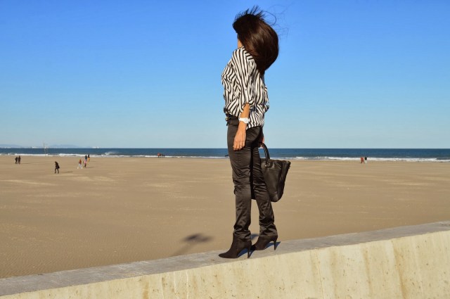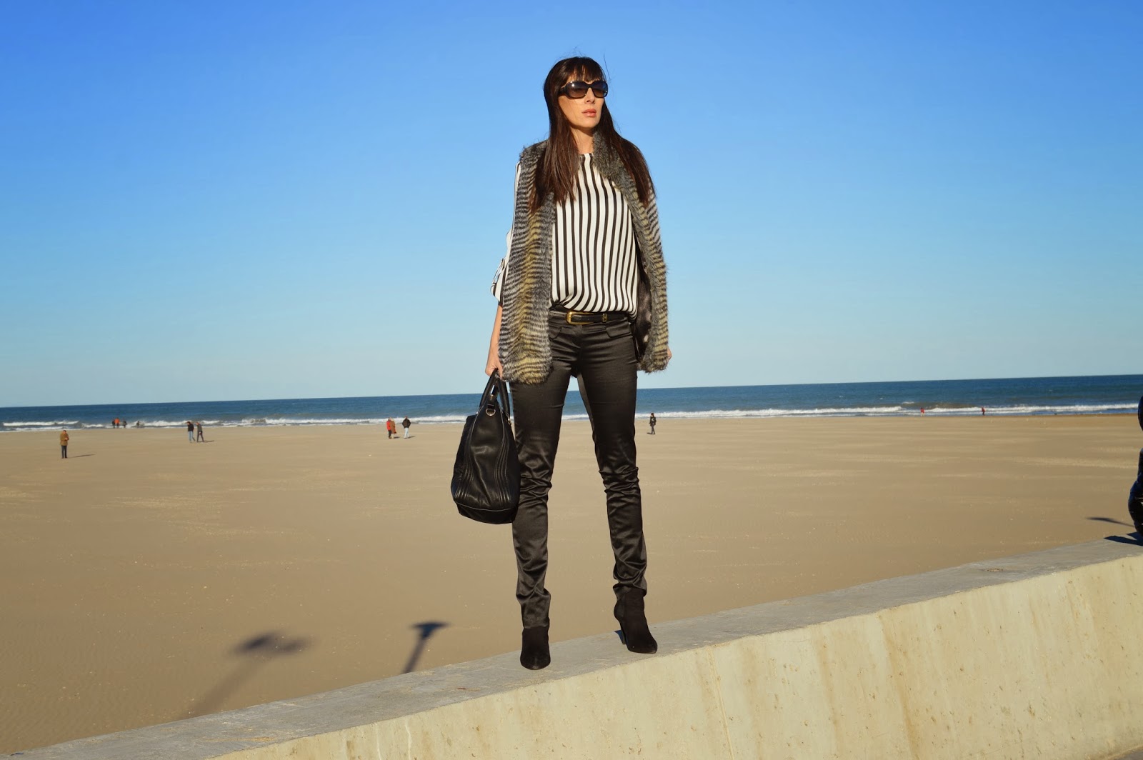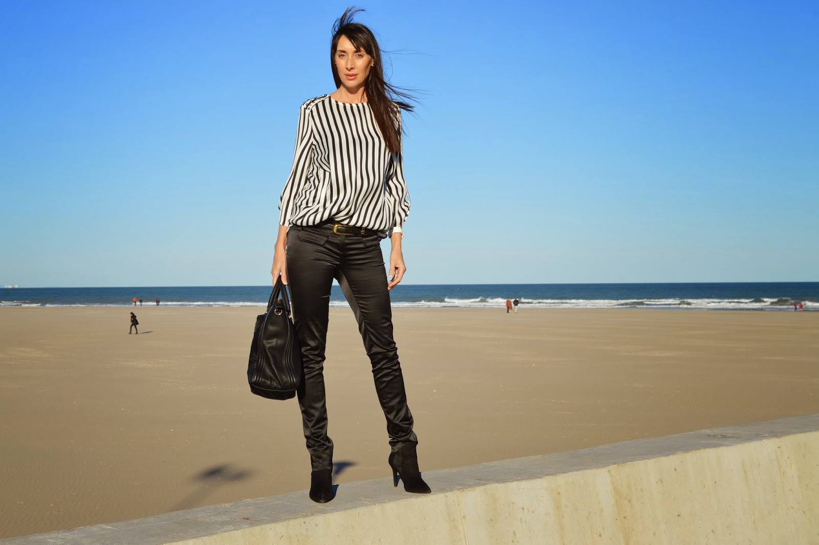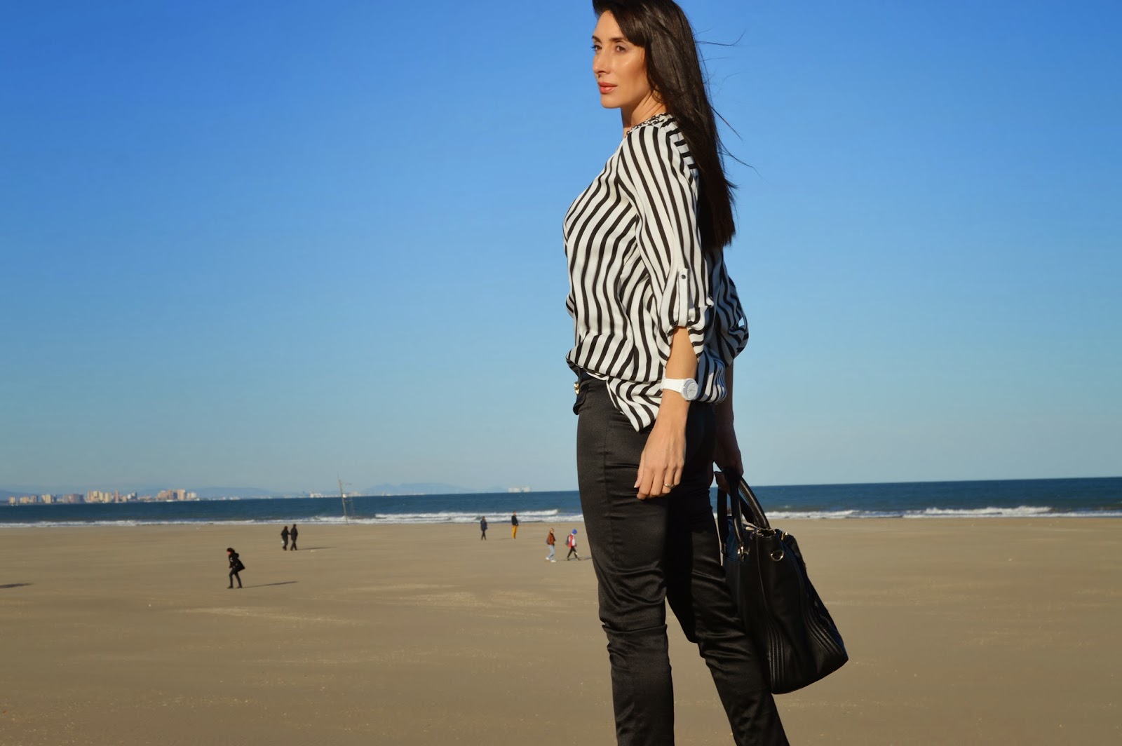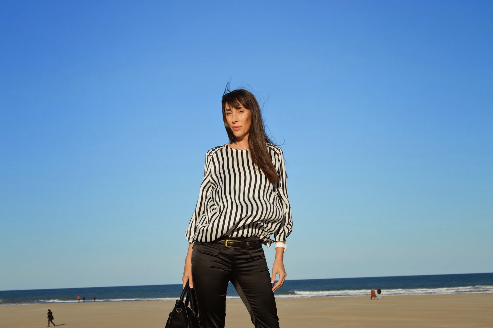 El viento en la playa… ¡qué dífícil es hacer fotos con viento!, pero fue divertido y me apetecia mucho enseñaros este outfit, hacia tiempo que buscaba esta camisa en blanco y negro con rayas verticales, la encontré de casualidad en Mango, era la única que había en esa tienda. La he combinado con este pantalón negro brillante que tengo desde hace mucho.
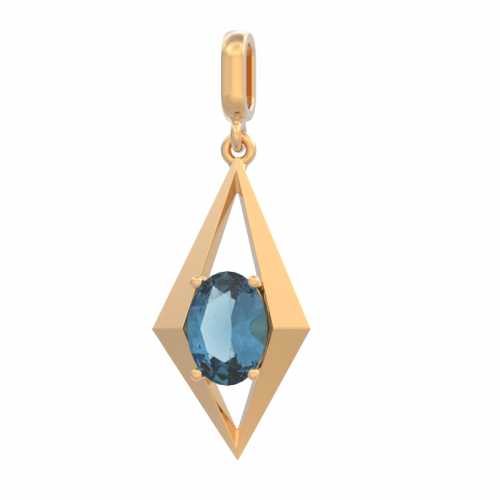 Объемная подвеска в стиле геометрия выполнена из красного золота 585 пробы украшена топазом темно-голубого цвета, красоту которого подчеркивает идеальное отполированное золото
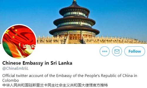 The screenshot of the official Twitter account of the Chinese Embassy in Sri Lanka. Photo: screenshot
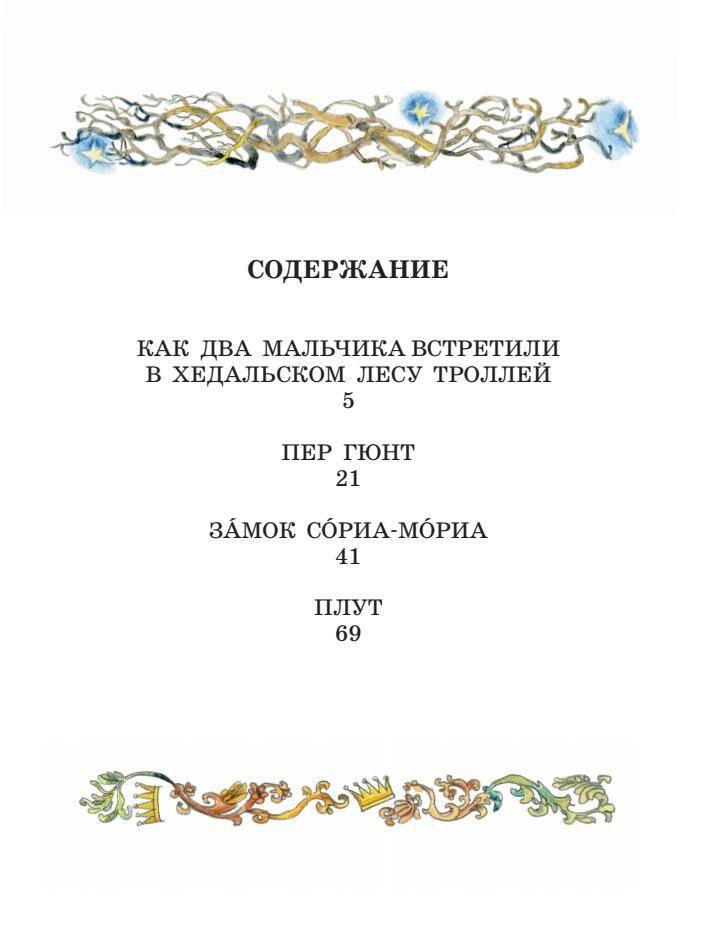 В книгу вошли четыре сказки – «Как два мальчика встретили в Хедальском лесу троллей», «Пер Гюнт», «Замок Сориа-Мориа» и «Плут» в классическом переводе А. Любарской.

★ ★ ★

Assignment » Give again, word for word, only the lines from the line containing "The screenshot of" through the last line above, both included; leave the pictures out.

Answer »
 The screenshot of the official Twitter account of the Chinese Embassy in Sri Lanka. Photo: screenshot
 В книгу вошли четыре сказки – «Как два мальчика встретили в Хедальском лесу троллей», «Пер Гюнт», «Замок Сориа-Мориа» и «Плут» в классическом переводе А. Любарской.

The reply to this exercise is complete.